Prospective randomized study of two laparotomy incisions for gastrectomy: midline incision versus transverse incision.

Author information

1
Department of Surgery, Teikyo University Hospital, 2-11-1 Kaga, Itabashi-ku, 173-8605 Tokyo, Japan.

Abstract

BACKGROUND:

We performed a randomized study to evaluate the differences between upper midline incision and transverse incision for gastrectomy.

METHODS:

Patients undergoing distal gastrectomy or total gastrectomy for gastric cancer were randomly allocated to have either an upper midline incision or a transverse incision. The times taken to open and close the abdominal cavity, the number of doses of postoperative analgesics, and the incidence of postoperative pneumonia, wound infection, and intestinal obstruction were compared between the patients having the two incisions.

RESULTS:

Times for both opening and closing the abdominal cavity were longer with a transverse incision, in both the distal gastrectomy group and total gastrectomy group. In the patients in whom continuous epidural analgesia was used postoperatively, the number of additional doses of analgesics was smaller in the transverse-incision group after distal gastrectomy. The incidence of postoperative pneumonia was lower in the transverse-incision group after distal gastrectomy. The number of patients with postoperative intestinal obstruction was smaller in the transverse-incision group than in the midline-incision group after distal gastrectomy.

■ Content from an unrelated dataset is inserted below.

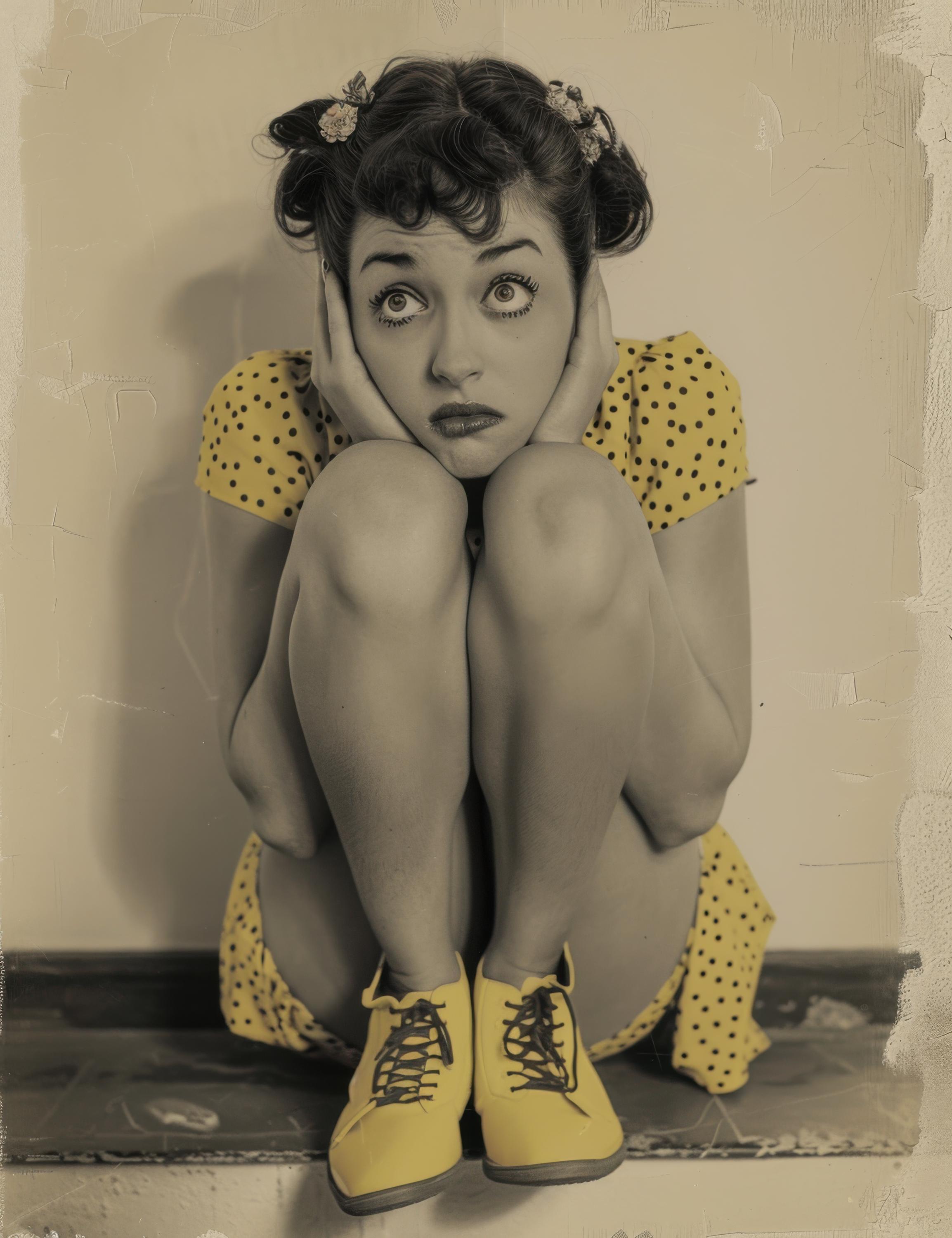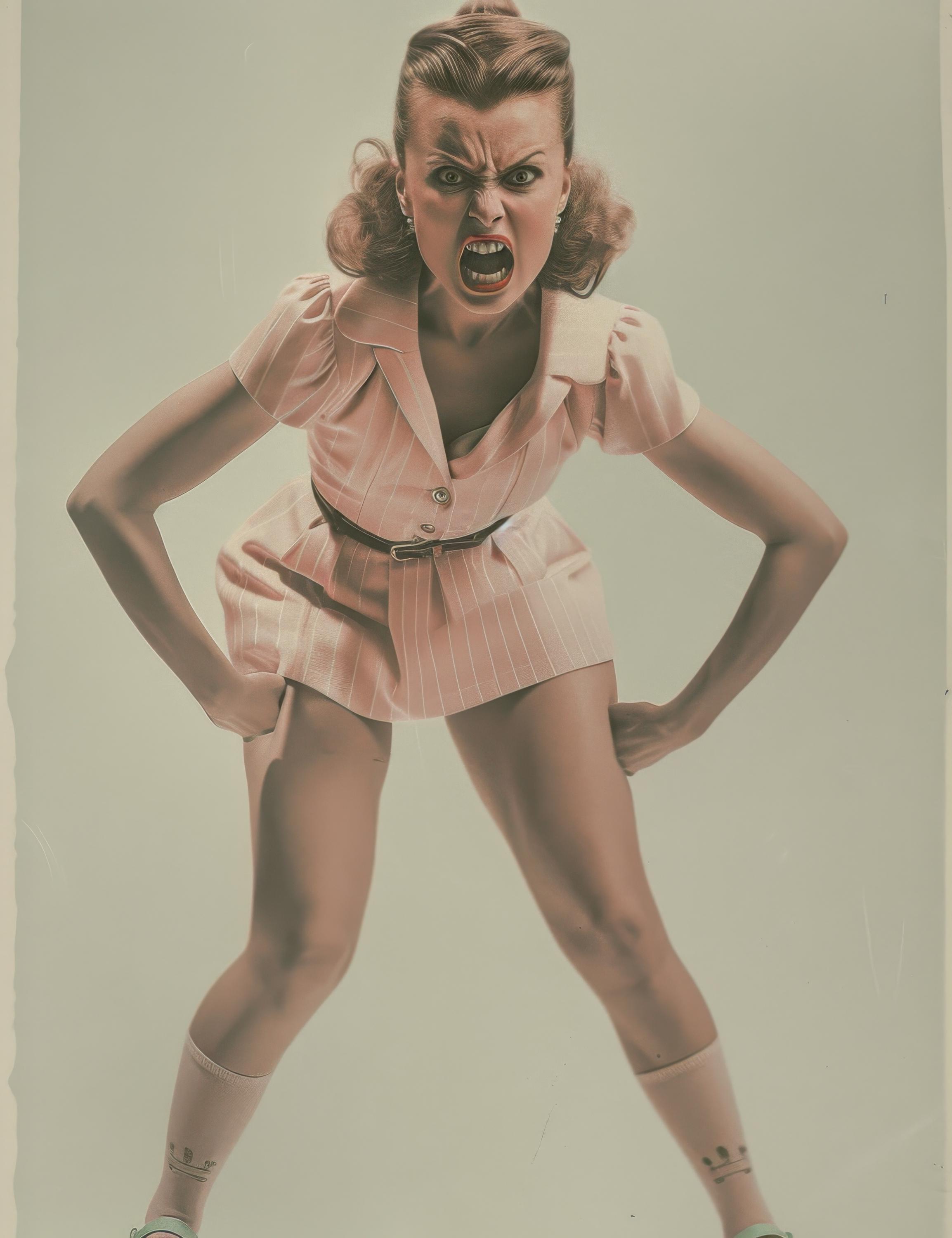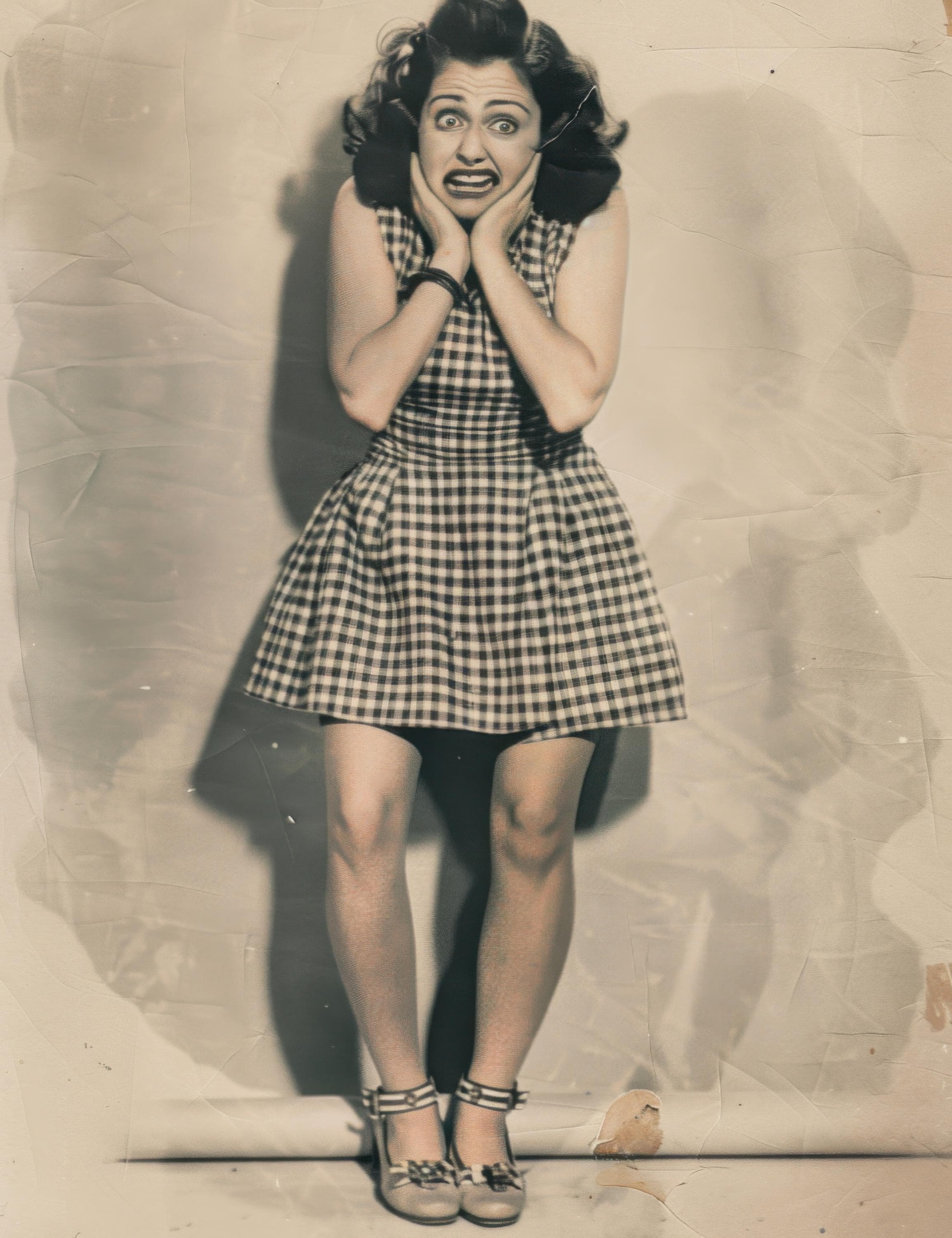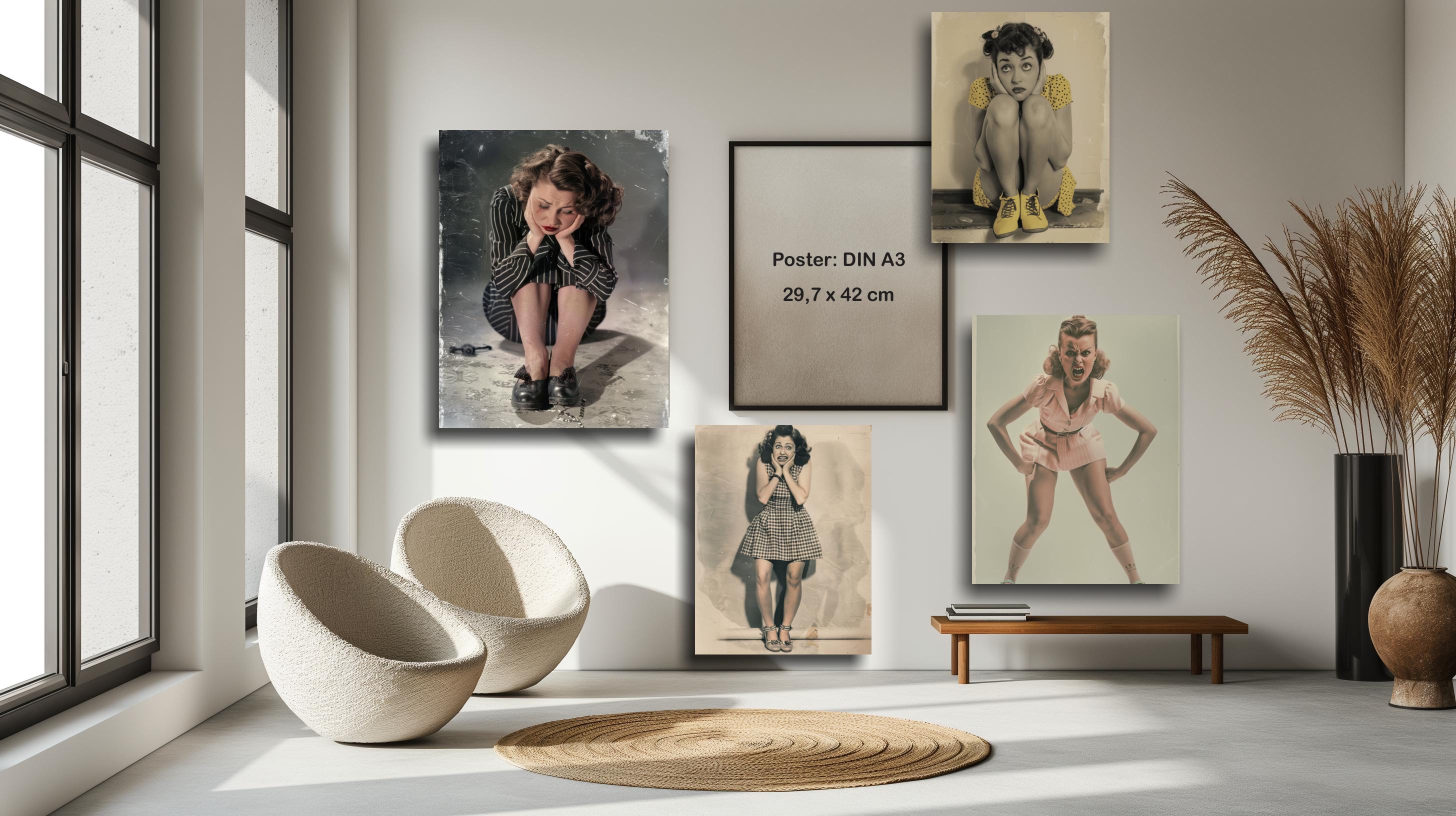Posters - Funny Vintage Female Portraits, Female Expressions, Expressive Women, Vintage Girls on Canvas

In contrast to distal gastrectomy, there was no significant difference in the number of doses of postoperative analgesics, incidence of postoperative pneumonia, or incidence of postoperative intestinal obstruction between the two study groups after total gastrectomy.

CONCLUSION:

A transverse incision for distal gastrectomy may be more beneficial than an upper midline incision in attenuating postoperative wound pain, decreasing the incidence of postoperative pneumonia, and preventing postoperative intestinal obstruction.

PMID:
15449205
DOI:
10.1007/s10120-004-0291-6
[Indexed for MEDLINE]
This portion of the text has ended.